The or each centraliser may be longitudinally restrained by a respective stop collar installed upon casing at or adjacent one end of the respective centraliser. One or more centralisers may be longitudinally restrained by a respective pair of stop collars, one of the pair of stop collars being installed on said casing at or adjacent each longitudinally opposite end of the respective centraliser.

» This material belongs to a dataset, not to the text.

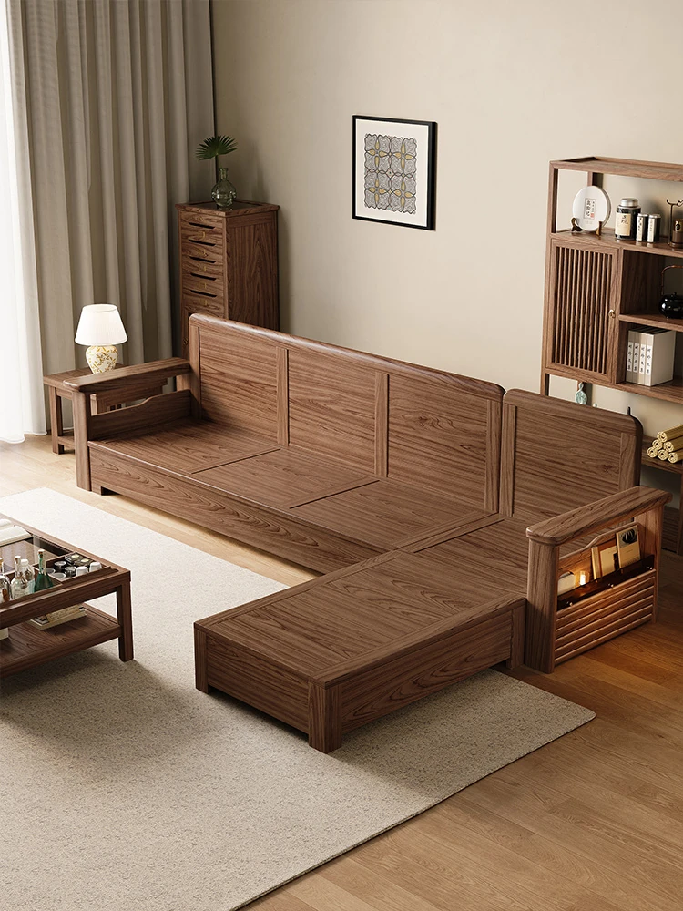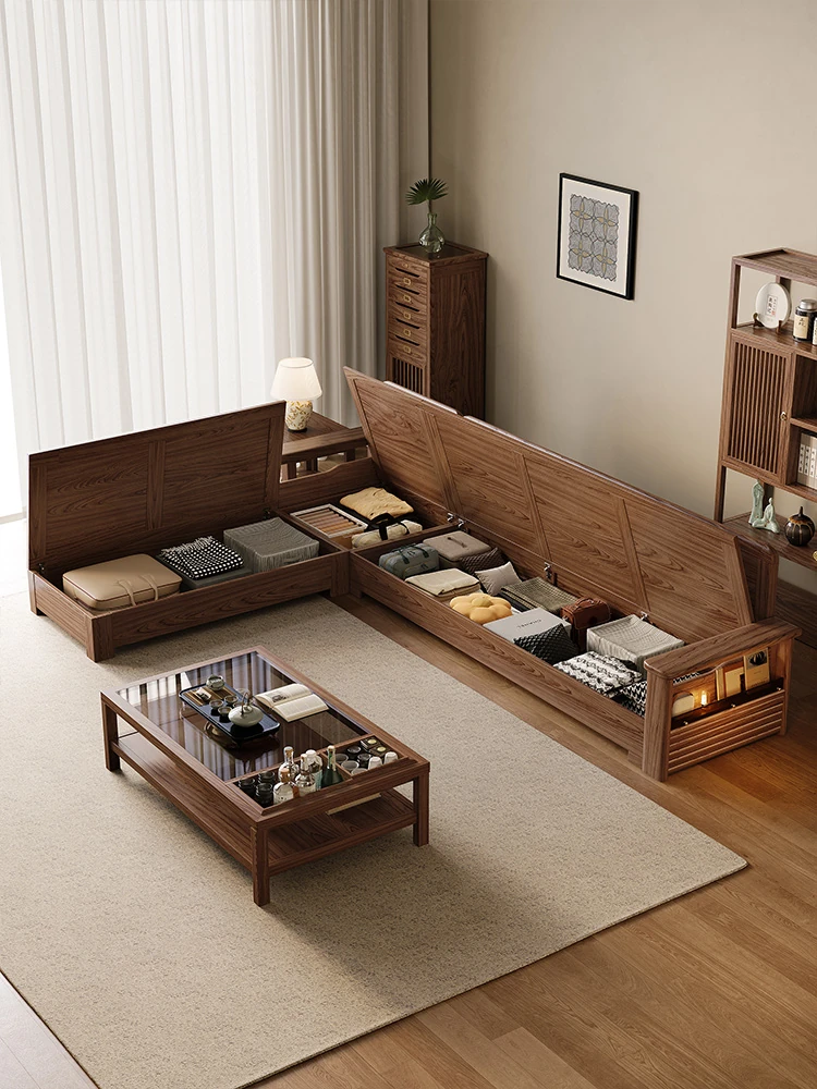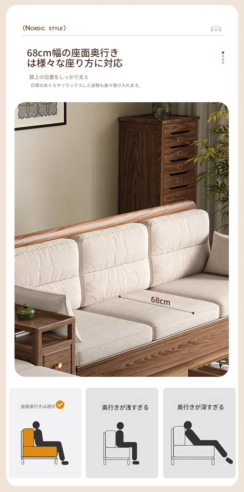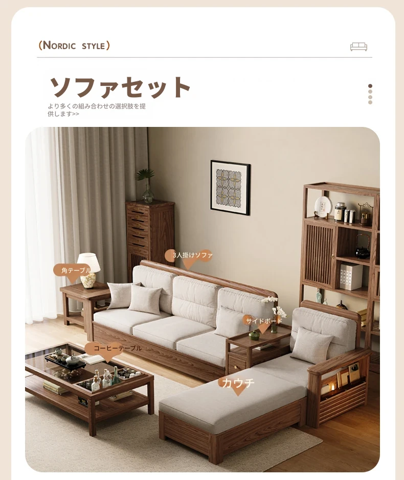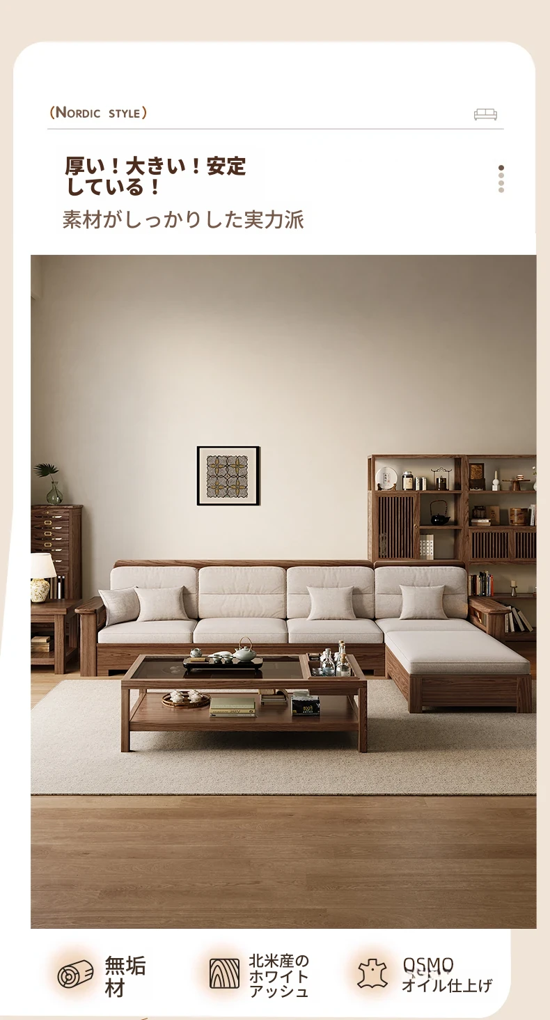新中式スタイルの無垢材使用!冬夏両用のコンパクトソファセット。経済的なホワイトアッシュ材の収納ソファで、狭いスペースでもおしゃれに快適なリビングを実現!

The inner surface of the centraliser may have a low friction coating or slider. In some embodiments of the invention the centraliser is coated on its inner and outer surfaces (or on selected parts of these surfaces) with PTFE-impregnated nickel using Niflor(trademark) materials available from Surface Technology plc, preferably using the electroless process known in the art for coating articles with such materials. By slider we mean any member that can present a surface against which the wellbore can bear when the centraliser is in use. The slider can be a button, block or other 3-dimensional object embedded in or adhered to the body or blade, or can be a strip or coating that has negligible or even variable depth. The provision of sliders on the body or blade can be especially beneficial as the sliders can be concentrated on the outermost areas of the body or blade which will have the most contact with the wellbore inner surface, and can therefore be renewed or replaced easily. Indeed, since some areas of the centraliser outer surface can encounter more abrasive conditions than others (e.g. the shoulders of the blades) these can be provided with sliders that are specifically shaped to present the low friction surface of the slider over the whole of the area suffering high abrasion, without having to over-engineer the whole of the body or blade. Also, the sliders on e.g. the shoulders can be made thicker than the sliders provided on less abraded areas of the body or blades e.g. in the middle of the blades, so that the low friction surfaces on the high abrasion areas do not wear out before those on less abraded regions of the centraliser. Therefore, all of the low friction surfaces of the centraliser need not be of the same depth, or shape.